Tuesday’s announcement that former Ohio State offensive tackle Orlando Pace will be inducted into the College Football Hall of Fame was surprising.
Surprising in the sense I would have sworn Pace already had been inducted. What took so long? Players are eligible 10 years after their last college games, and Pace’s Buckeyes career was over after the 1996 season.
“Without question, he is the best offensive lineman I have ever seen,” then-Iowa Coach Hayden Fry said in 1996. It wasn’t necessarily hyperbole. To this day, many consider Pace the best offensive tackle in college football history.
Iowa went 8-4 in 1995 and 9-3 in 1996, and yet couldn’t lay a glove on Ohio State those seasons.
In ’95 at Columbus, the Buckeyes scored on their first six possessions in building a 56-7 halftime lead, then pulled their starters. The final was 56-35.
“Coach (John) Cooper was being kind to us,” Fry said.
The next year in Iowa City, OSU led 38-6 early in the second quarter. Iowa chopped that lead to 38-26, and that was the final.
In both games, Pace was up front leading an offensive surge. He certainly had talented teammates, like 1995 Heisman Trophy-winning running back Eddie George (who got into the College HOF two years before Pace) and stellar receiver Terry Glenn.

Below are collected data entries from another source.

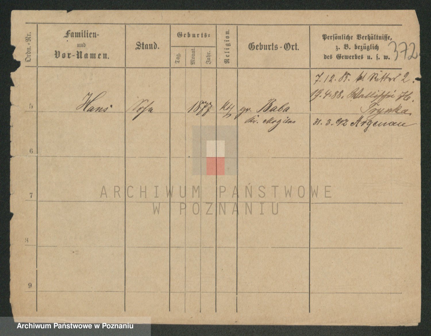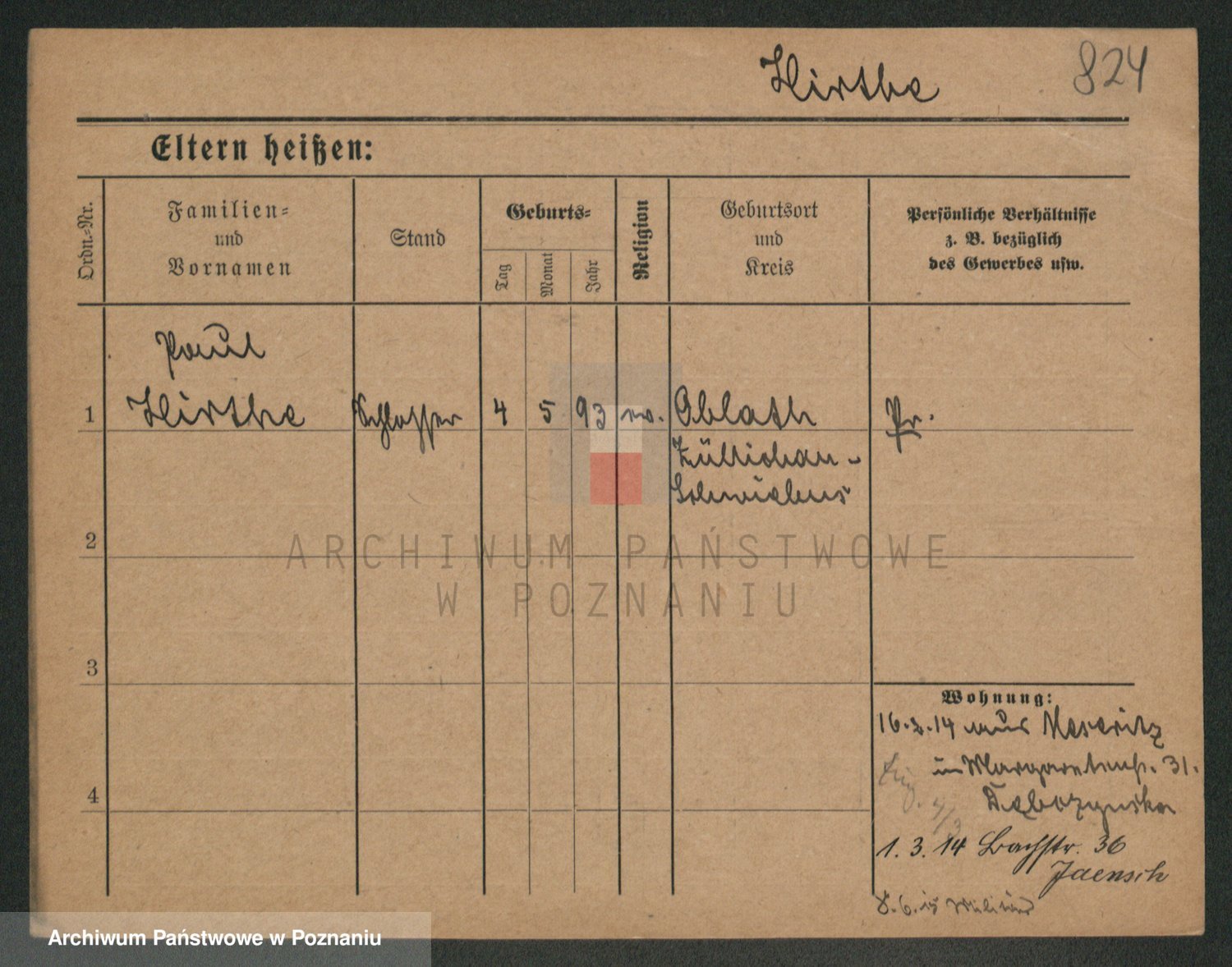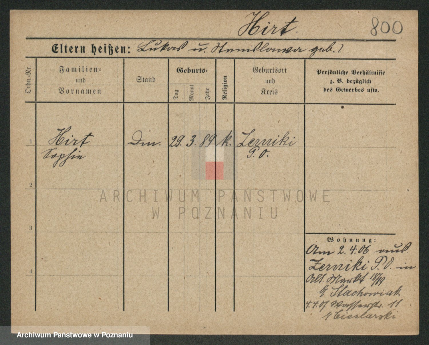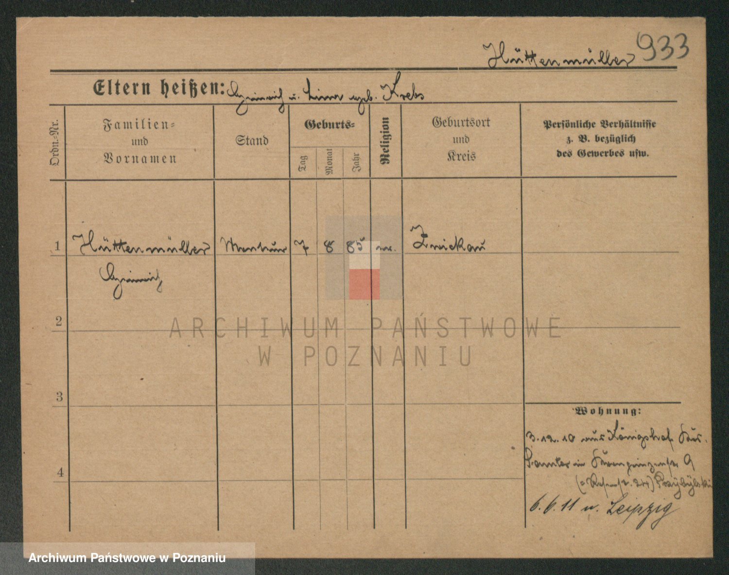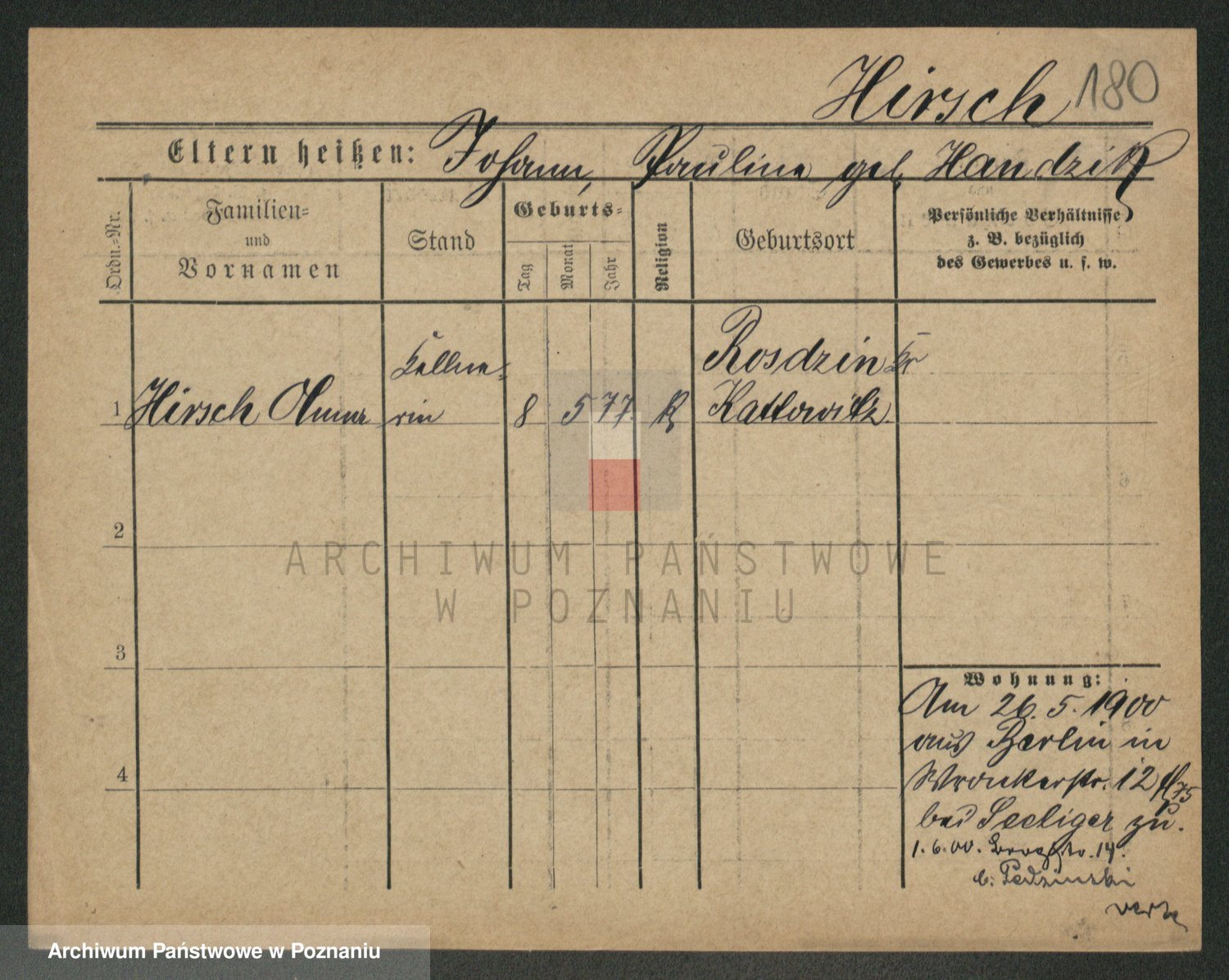 Podgląd karty osobowej dostępny jest po kliknięciu na nazwisko lub ikonkę karty. Można dokonywać powiększenia (ikony na górze) lub przechodzić między kolejnymi skanami (strzałki po bokach).
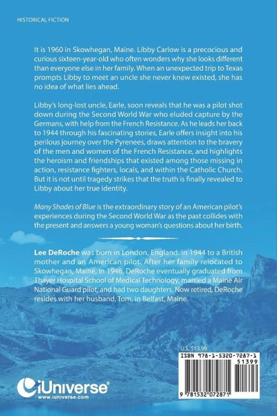It is 1960 in Skowhegan, Maine. Libby Carlow is a precocious and curious sixteen-year-old who often wonders why she looks different than everyone else in her family. When an unexpected trip to Texas prompts Libby to meet an uncle she never knew existed, she has no idea of what lies ahead. Libby's long-lost uncle, Earle, soon reveals that he was a pilot shot down during the Second World War who eluded capture by the Germans, with help from the French Resistance. As he leads her back to 1944 through his fascinating stories, Earle offers insight into his perilous journey over the Pyrenees, draws attention to the bravery of the men and women of the French Resistance, and highlights the heroism and friendships that existed among those missing in action, resistance fighters, locals, and within the Catholic Church. But it is not until tragedy strikes that the truth is finally revealed to Libby about her true identity. Many Shades of Blue is the extraordinary story of an American pilot's experiences during the Second World War as the past collides with the present and answers a young woman's questions about her birth.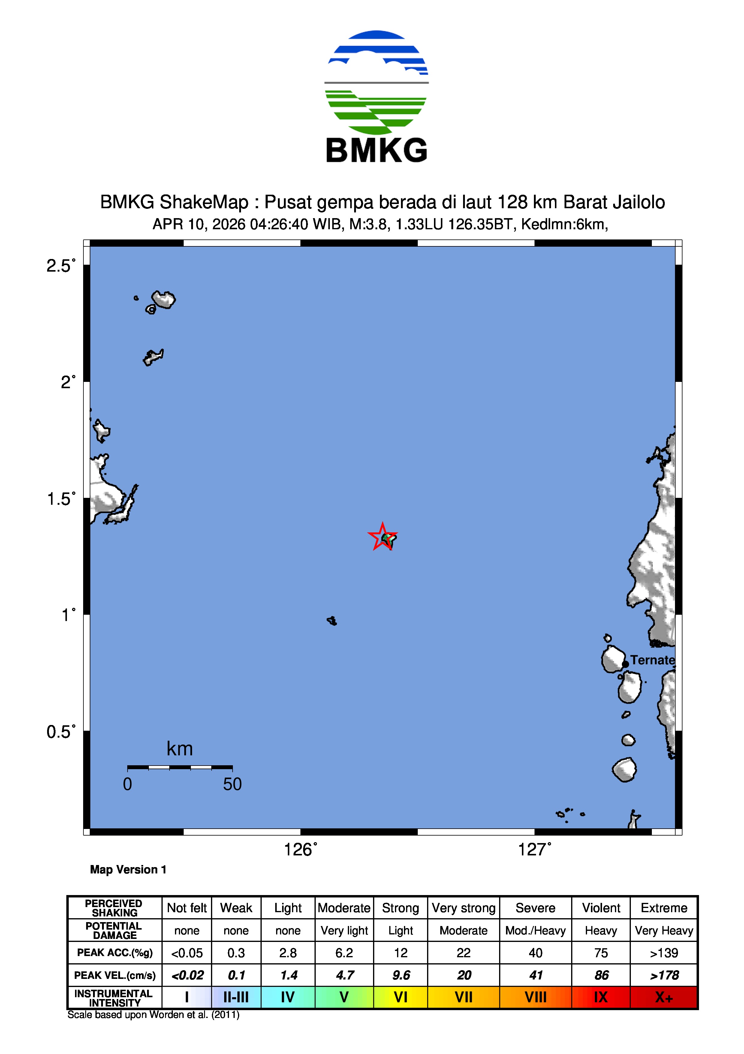 Pusat gempa berada di laut 128 km Barat Jailolo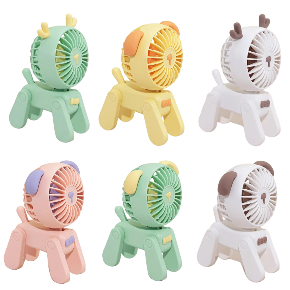 Cute USB Rechargeable Desk Fan – Adorable Puppy Design, 3-Speed, Ideal for Dorm and Home Decor

In the 1995 Iowa-OSU game, the Buckeyes had four touchdown drives of 1:08 or less. That Iowa team went on to beat Pac-10 co-champion Washington in the Sun Bowl, 38-18.
In ’96, the Hawkeyes pasted Texas Tech in the Alamo Bowl, 27-0.
Ohio State, meanwhile, started the 1995 season with 11 wins, then lost at Michigan and was beaten by Tennessee in the Florida Citrus Bowl. In ’96, OSU went 11-1. It won the Big Ten and downed Arizona State in the Rose Bowl, and was No. 2 in the final AP rankings.
I’d like to say I remember watching Pace do this or that, but I always end up following the football. And it was constantly going places when George and Glenn got it.
Cooper’s 1998 Buckeyes also finished No. 2 in the final AP poll. Two years later, after 6-6 and 8-4 seasons, he was fired because of what then-athletic director Andy Geiger called a ”deteriorating climate within the football program.”
In other words, Ohio State lost too many games.